**TASK INSTRUCTIONS:** Reproduce the data below word for word.

[Saved entries]

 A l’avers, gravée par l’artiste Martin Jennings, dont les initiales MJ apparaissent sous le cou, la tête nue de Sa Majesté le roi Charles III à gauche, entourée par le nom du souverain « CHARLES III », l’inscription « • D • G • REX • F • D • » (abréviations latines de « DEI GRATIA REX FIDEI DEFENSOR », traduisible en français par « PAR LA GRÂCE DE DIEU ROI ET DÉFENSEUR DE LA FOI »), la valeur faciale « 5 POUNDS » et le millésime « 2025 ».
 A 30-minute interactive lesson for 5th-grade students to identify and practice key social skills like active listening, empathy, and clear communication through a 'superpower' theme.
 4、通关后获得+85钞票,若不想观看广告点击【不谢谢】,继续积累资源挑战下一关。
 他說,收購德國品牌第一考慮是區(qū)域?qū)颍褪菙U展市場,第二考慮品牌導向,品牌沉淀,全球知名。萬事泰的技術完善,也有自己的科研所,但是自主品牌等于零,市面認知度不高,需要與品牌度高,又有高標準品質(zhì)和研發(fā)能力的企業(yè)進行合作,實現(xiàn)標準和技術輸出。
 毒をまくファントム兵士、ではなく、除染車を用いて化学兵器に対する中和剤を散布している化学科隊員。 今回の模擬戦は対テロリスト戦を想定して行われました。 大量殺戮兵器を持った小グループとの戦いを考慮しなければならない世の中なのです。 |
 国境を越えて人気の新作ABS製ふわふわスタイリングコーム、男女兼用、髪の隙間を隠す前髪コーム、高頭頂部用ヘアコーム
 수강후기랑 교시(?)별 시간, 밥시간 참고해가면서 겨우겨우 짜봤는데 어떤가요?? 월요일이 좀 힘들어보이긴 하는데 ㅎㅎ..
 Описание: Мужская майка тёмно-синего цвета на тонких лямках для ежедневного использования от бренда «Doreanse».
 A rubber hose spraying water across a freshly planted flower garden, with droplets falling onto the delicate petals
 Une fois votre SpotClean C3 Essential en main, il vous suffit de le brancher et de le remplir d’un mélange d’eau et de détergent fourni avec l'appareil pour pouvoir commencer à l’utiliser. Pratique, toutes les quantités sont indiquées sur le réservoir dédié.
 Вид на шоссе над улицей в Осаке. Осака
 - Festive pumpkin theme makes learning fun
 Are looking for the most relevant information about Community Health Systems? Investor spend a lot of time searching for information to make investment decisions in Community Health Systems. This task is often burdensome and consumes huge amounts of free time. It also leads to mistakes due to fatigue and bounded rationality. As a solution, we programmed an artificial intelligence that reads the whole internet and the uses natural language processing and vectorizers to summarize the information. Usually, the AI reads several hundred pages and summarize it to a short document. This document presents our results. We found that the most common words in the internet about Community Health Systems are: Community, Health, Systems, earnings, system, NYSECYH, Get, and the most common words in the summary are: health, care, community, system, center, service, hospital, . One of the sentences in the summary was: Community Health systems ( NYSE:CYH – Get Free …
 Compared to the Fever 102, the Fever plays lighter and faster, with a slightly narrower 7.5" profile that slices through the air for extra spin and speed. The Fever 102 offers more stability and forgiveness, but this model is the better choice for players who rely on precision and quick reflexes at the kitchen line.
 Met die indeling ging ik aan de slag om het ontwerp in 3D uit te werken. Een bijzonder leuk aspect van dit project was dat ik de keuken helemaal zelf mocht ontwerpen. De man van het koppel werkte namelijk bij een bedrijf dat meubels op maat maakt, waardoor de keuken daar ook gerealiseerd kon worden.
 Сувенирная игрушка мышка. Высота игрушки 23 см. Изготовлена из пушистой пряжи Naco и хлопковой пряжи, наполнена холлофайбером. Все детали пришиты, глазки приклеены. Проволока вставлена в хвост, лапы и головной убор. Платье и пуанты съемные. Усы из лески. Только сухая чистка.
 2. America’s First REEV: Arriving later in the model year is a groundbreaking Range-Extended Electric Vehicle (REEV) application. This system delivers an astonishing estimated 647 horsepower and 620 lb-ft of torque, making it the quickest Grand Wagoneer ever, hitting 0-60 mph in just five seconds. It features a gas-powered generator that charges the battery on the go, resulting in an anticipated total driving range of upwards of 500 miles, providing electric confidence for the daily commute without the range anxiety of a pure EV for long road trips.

**PROBLEM SOLUTION:**
 A l’avers, gravée par l’artiste Martin Jennings, dont les initiales MJ apparaissent sous le cou, la tête nue de Sa Majesté le roi Charles III à gauche, entourée par le nom du souverain « CHARLES III », l’inscription « • D • G • REX • F • D • » (abréviations latines de « DEI GRATIA REX FIDEI DEFENSOR », traduisible en français par « PAR LA GRÂCE DE DIEU ROI ET DÉFENSEUR DE LA FOI »), la valeur faciale « 5 POUNDS » et le millésime « 2025 ».
 A 30-minute interactive lesson for 5th-grade students to identify and practice key social skills like active listening, empathy, and clear communication through a 'superpower' theme.
 4、通关后获得+85钞票,若不想观看广告点击【不谢谢】,继续积累资源挑战下一关。
 他說,收購德國品牌第一考慮是區(qū)域?qū)颍褪菙U展市場,第二考慮品牌導向,品牌沉淀,全球知名。萬事泰的技術完善,也有自己的科研所,但是自主品牌等于零,市面認知度不高,需要與品牌度高,又有高標準品質(zhì)和研發(fā)能力的企業(yè)進行合作,實現(xiàn)標準和技術輸出。
 毒をまくファントム兵士、ではなく、除染車を用いて化学兵器に対する中和剤を散布している化学科隊員。 今回の模擬戦は対テロリスト戦を想定して行われました。 大量殺戮兵器を持った小グループとの戦いを考慮しなければならない世の中なのです。 |
 国境を越えて人気の新作ABS製ふわふわスタイリングコーム、男女兼用、髪の隙間を隠す前髪コーム、高頭頂部用ヘアコーム
 수강후기랑 교시(?)별 시간, 밥시간 참고해가면서 겨우겨우 짜봤는데 어떤가요?? 월요일이 좀 힘들어보이긴 하는데 ㅎㅎ..
 Описание: Мужская майка тёмно-синего цвета на тонких лямках для ежедневного использования от бренда «Doreanse».
 A rubber hose spraying water across a freshly planted flower garden, with droplets falling onto the delicate petals
 Une fois votre SpotClean C3 Essential en main, il vous suffit de le brancher et de le remplir d’un mélange d’eau et de détergent fourni avec l'appareil pour pouvoir commencer à l’utiliser. Pratique, toutes les quantités sont indiquées sur le réservoir dédié.
 Вид на шоссе над улицей в Осаке. Осака
 - Festive pumpkin theme makes learning fun
 Are looking for the most relevant information about Community Health Systems? Investor spend a lot of time searching for information to make investment decisions in Community Health Systems. This task is often burdensome and consumes huge amounts of free time. It also leads to mistakes due to fatigue and bounded rationality. As a solution, we programmed an artificial intelligence that reads the whole internet and the uses natural language processing and vectorizers to summarize the information. Usually, the AI reads several hundred pages and summarize it to a short document. This document presents our results. We found that the most common words in the internet about Community Health Systems are: Community, Health, Systems, earnings, system, NYSECYH, Get, and the most common words in the summary are: health, care, community, system, center, service, hospital, . One of the sentences in the summary was: Community Health systems ( NYSE:CYH – Get Free …
 Compared to the Fever 102, the Fever plays lighter and faster, with a slightly narrower 7.5" profile that slices through the air for extra spin and speed. The Fever 102 offers more stability and forgiveness, but this model is the better choice for players who rely on precision and quick reflexes at the kitchen line.
 Met die indeling ging ik aan de slag om het ontwerp in 3D uit te werken. Een bijzonder leuk aspect van dit project was dat ik de keuken helemaal zelf mocht ontwerpen. De man van het koppel werkte namelijk bij een bedrijf dat meubels op maat maakt, waardoor de keuken daar ook gerealiseerd kon worden.
 Сувенирная игрушка мышка. Высота игрушки 23 см. Изготовлена из пушистой пряжи Naco и хлопковой пряжи, наполнена холлофайбером. Все детали пришиты, глазки приклеены. Проволока вставлена в хвост, лапы и головной убор. Платье и пуанты съемные. Усы из лески. Только сухая чистка.
 2. America’s First REEV: Arriving later in the model year is a groundbreaking Range-Extended Electric Vehicle (REEV) application. This system delivers an astonishing estimated 647 horsepower and 620 lb-ft of torque, making it the quickest Grand Wagoneer ever, hitting 0-60 mph in just five seconds. It features a gas-powered generator that charges the battery on the go, resulting in an anticipated total driving range of upwards of 500 miles, providing electric confidence for the daily commute without the range anxiety of a pure EV for long road trips.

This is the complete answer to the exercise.